For those who may not know, John Titor is a troll from Florida who went to message boards in 2,000 and 2,001 (though quotes from him exist from before that from IRC and faxes) who claimed to be a soldier from the future.
Now, we all know it is bullshit, but he was able to convince enough people to gain a cult following and much more media attention than he ever deserved.
A play has been made out of it, a Japanese visual novel, novel, manga, and anime series called Steins;Gate is basically based around it, etc.
I never got involved as part of an effort to see a lame troll hopefully disappear and be forgotten, as all trolls should be.
I didn’t speak up about the obvious flaws behind his story that I posted above so as to avoid “feeding the trolls.”
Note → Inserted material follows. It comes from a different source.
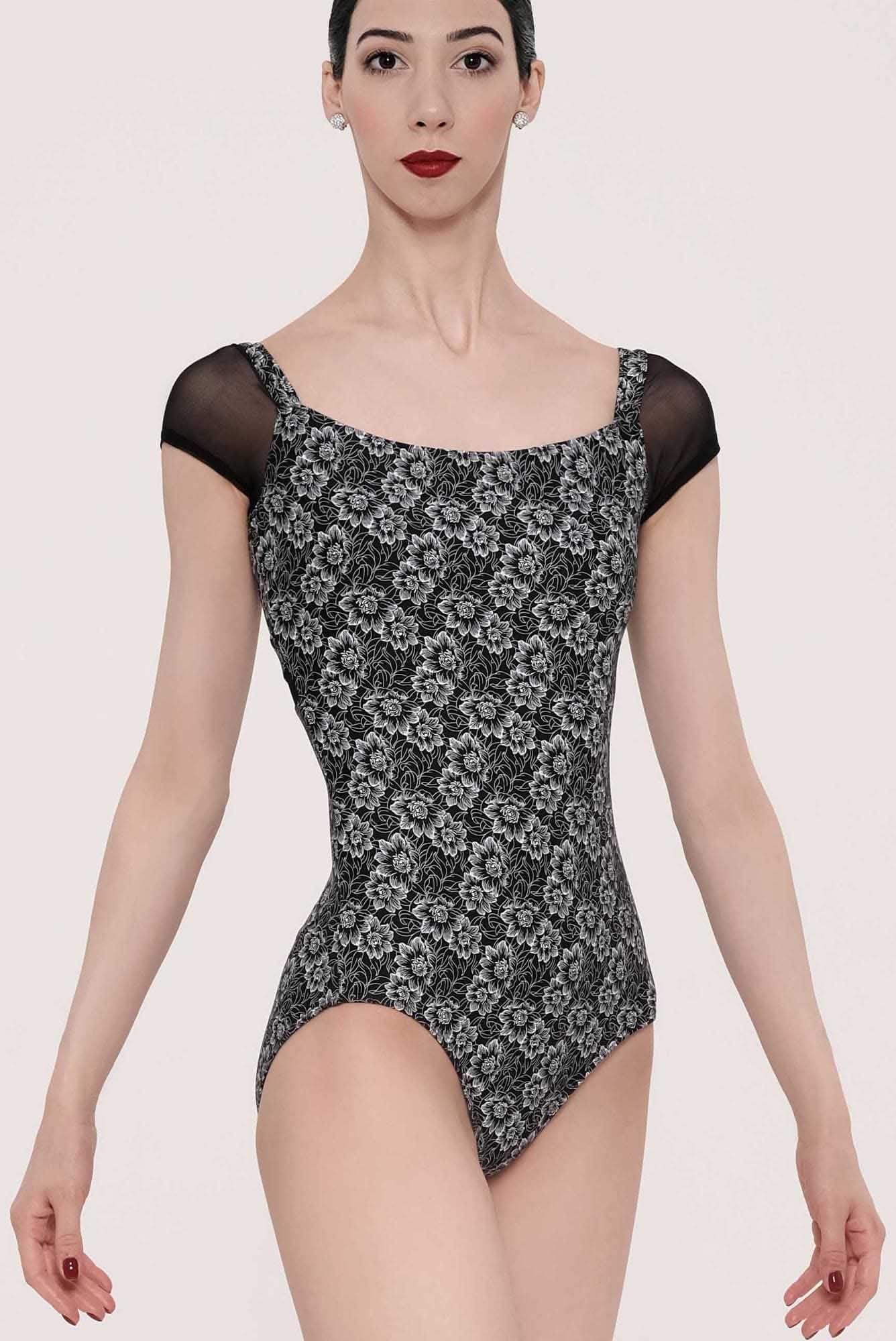 It is cut from extra-soft microfiber featuring a whimsical floral print and transparent stretch tulle. The tulle adorns the sleeves and a thin border in the back.

It’s bad enough that people have fed him as much as they have, but now I friggin’ movie? Enough is enough.
Let the damned story die.
So ultimately, this isn’t about time-travel specifically or movies about time-travel, this is about the sad state of the world in which we live that is so full of gullible people that the simple trollings of a guy from Florida could come this far.
This won't stop me from enjoying the popcorn-flicks though.
Just don't tell me it really happened.
I'll stare at you mightily.
That is the problem with this case. I can suspend my disbelief as well as the next person, but that isn’t what is being asked by the John Titor troll, and so by association neither is this movie.
Movies about time-travel are generally fine because they don’t make any claims as to the factuality behind their premises.
John Titor claimed to be real, and by extension you may as well practice your stare for this movie.